Honeypot
 

What is a Honeypot

A "honeypot" is a tool that can help protect for network from unauthorized access. The honeypot contains no data or applications critical to the company but has enough interesting data to lure a hacker. A honeypot is a computer on your network the sole purpose is to look and act like a legitimate computer but actually is configured to interact with potential hackers in such a way as to capture details of their attacks. Honeypots are known also as a sacrificial lamb, decoy, or booby trap. The more realistic the interaction, the longer the attacker will stay occupied on honeypot systems and away from your production systems. The longer the hacker stays using the honeypot, the more will be disclosed about their techniques. This information can be used to identify what they are after, what is their skill level, and what tools do they use. All this information is then used to better prepare your network and host defenses.

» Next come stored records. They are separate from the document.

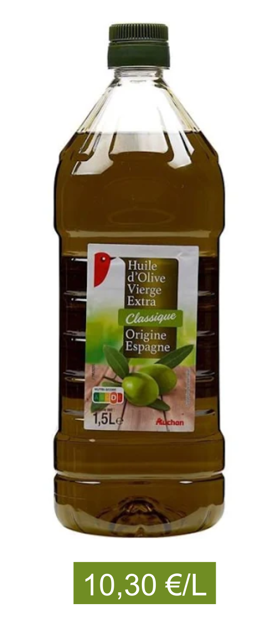 Mais la production d’huile d’olive ne suit pas la demande et le dérèglement climatique l’affecte durement, ainsi pendant deux saisons en Espagne (2022 et 2023), les productions ont été deux fois moins importantes que par le passé. En conséquence les prix ont flambé 😕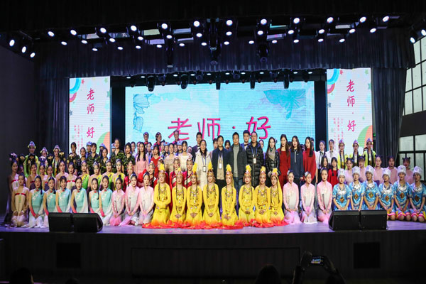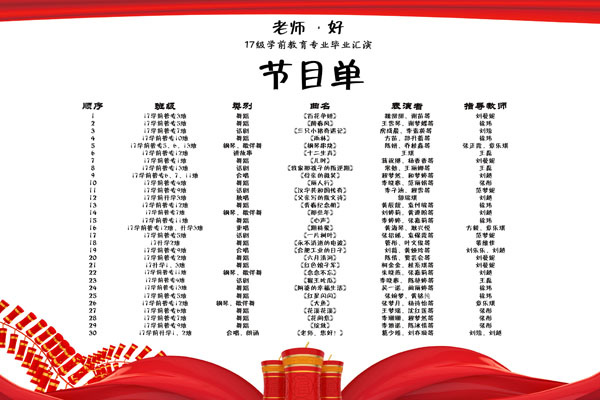 在合唱、朗诵《老师,您好!》的感人旋律中,2017级学前教育专业学业汇报表演圆满结束,来宾及校领导共同与演职人员进行了合影留念。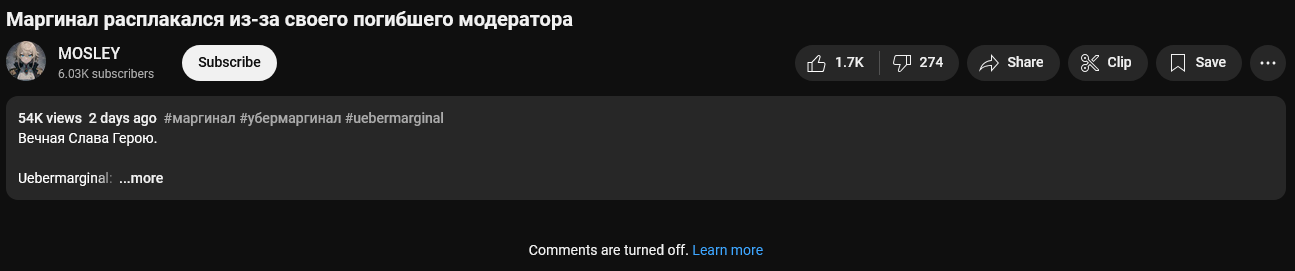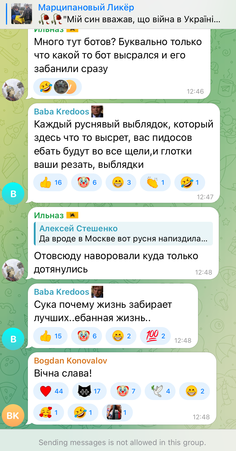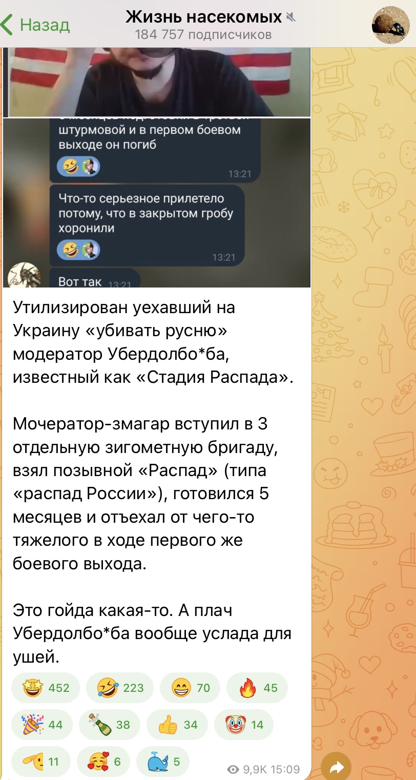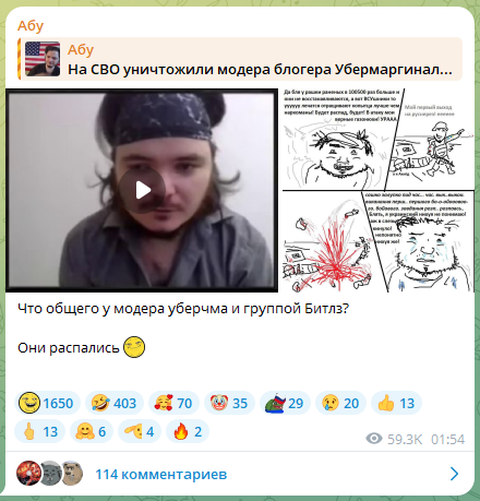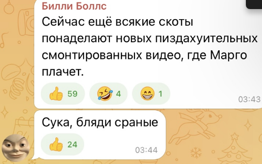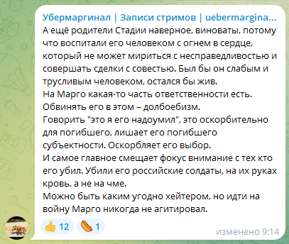 Раньше не понимал зетников, которые смеялись над плачущим марго в начале 22, но теперь, после всего, что этот выродок сделал, его реакция не вызывает ничего, кроме истеричного смеха. Я никогда не насмехался и не злорадствовал над смертью, не делаю так и сейчас, мой смех исключительно над Маргиналом, который насмехался буквально над тысячами смертей, включая стариков, женщин и детей.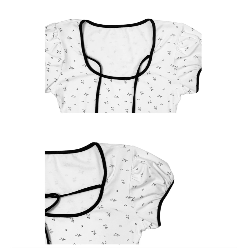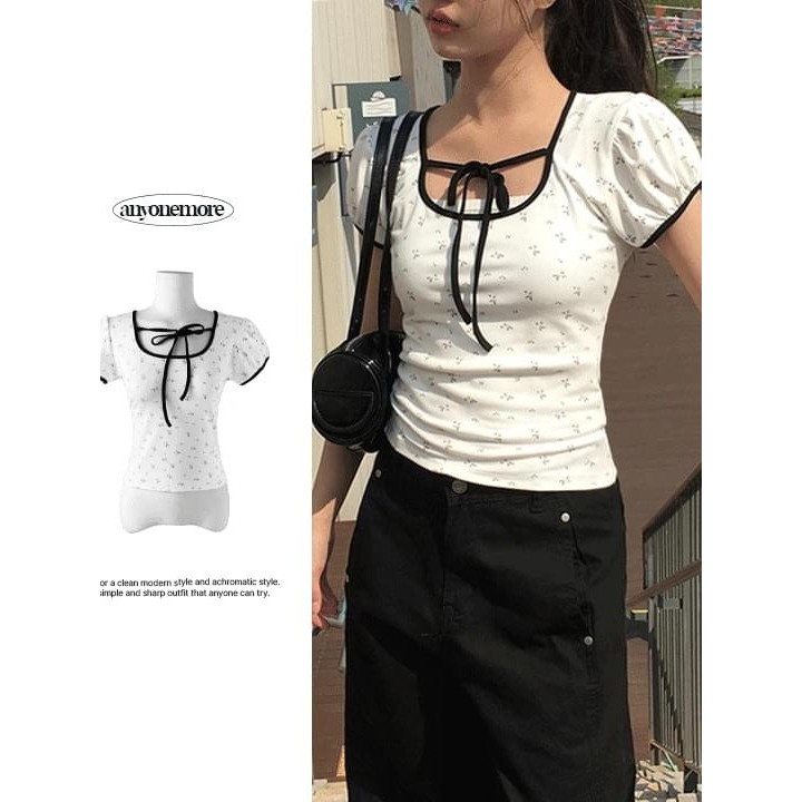 Codibook|韓國 anyonemore 優雅花卉緞帶澎袖U領短版T恤[預購]短袖上衣 雪紡襯衫 女裝free,白色T-shirtsCodibook 韓國女裝購物平台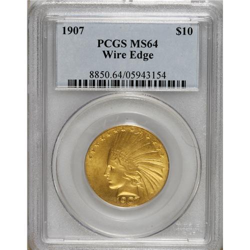 <B>1907 $10 Wire Rim MS64 PCGS.</B></I> After a 10-year stint as superintendent of the San Francisco Mint, Frank A. Leach moved to Washington in 1907 to become director of the U.S. Mint. The heroic performance of Leach and other San Francisco Mint employees during the devastating great earthquake and fire of 1906, an excellent record at the San Francisco facility, and political activism for the Republican Party led to his recommendation by the previous director, George E. Roberts, and his acceptance by Treasury Secretary George Cortelyou. Leach was nominated in August and took office on November 1, 1907.<BR> In the interim, Robert Preston served as acting director. Due to President Roosevelt's desire for small quantities of the experimental designs to be available to collectors and because of Roberts' fear that an extremely small emission would create an instant rarity on the order of the 1804 silver dollar, the Wire Rim pieces were produced to the extent of about 500 pieces. The first strikes of the high relief Saint-Gaudens eagle coinage are thought to be the purest representation of the sculptor's artistic vision for this coin, before the design was compromised by the necessities of mintage practicality, with perhaps a dash of the bitter jealousy and obstructionism of Mint Engraver Charles Barber. In that regard, the Wire Rim tens are the younger sibling of the Ultra High Relief double eagle coins, and they are technically patterns as well, never intended for circulation but produced to give an idea of how far artistic freedom could stretch.<BR> None of the Wire Rim tens circulated to any degree, as all were sold to collectors, museums, and administration officials, and accordingly most are found in high grade. All examples show prominent die polishing marks in the fields, which must not be mistaken for hairlines. This piece offers softly glowing yellow-gold surfaces, and the obverse is exceptionally clean for the grade. A couple of small contact marks are noted in the left reverse field, directly in front of the eagle's beak. This coin overall, however, has a premium appearance and will form the centerpiece of an advanced collection of 20th century gold.<BR><BR><b>Shipping:</b> Coins & Currency (<a target="_blank" href="http://www.heritageauctions.com/common/shipping.php">view shipping information</a>)

The honeypot can be used to augment the deployment of an IDR system. Some of the problems with commercial IDR include inability for detection of low level attacks, techniques or tools that are new or not previously known, or use of techniques that may appear as legitimate user activity. To a certain extent, the honeypot is also subject to missing new attacks. However, the honeypot is uniquely capable of letting you know that some hacker is in your network doing things they have no business doing. The honeypot may spot them because as far as other security measures (including IDR) are concerned they are legitimate users.

A honeypot is a simply a system program or file that has absolutely no purpose in production. Therefore, we can always assume that if the honeypot is accessed, it is for some reason unrelated to your organization purpose.

The workhorse of all honeypots is honeyd. It simulates an entire environment and is available from http://www.honeyd.org/.

Another type of honeypot is called a Proxypot, which is a proxy server with no access control. The open proxy honeypot allows internet clients to connect and make requests to the proxy server for connection to internet hosts, even those that are behind the proxy server. This allows server traffic to be examined to detect various threats including distributed password account quessing, nessus web vulnerability scans, and proxy chaining.

There is also a honeypot program is called the Deception Tool Kit, which can be downloaded from http://www.all.net/dtk/index.html. You can configure the responses for each port.

Honeypots are probably one of the last security tools an organization should implement. This is primarily because of the concern that somebody may use the honeypot to attack other systems.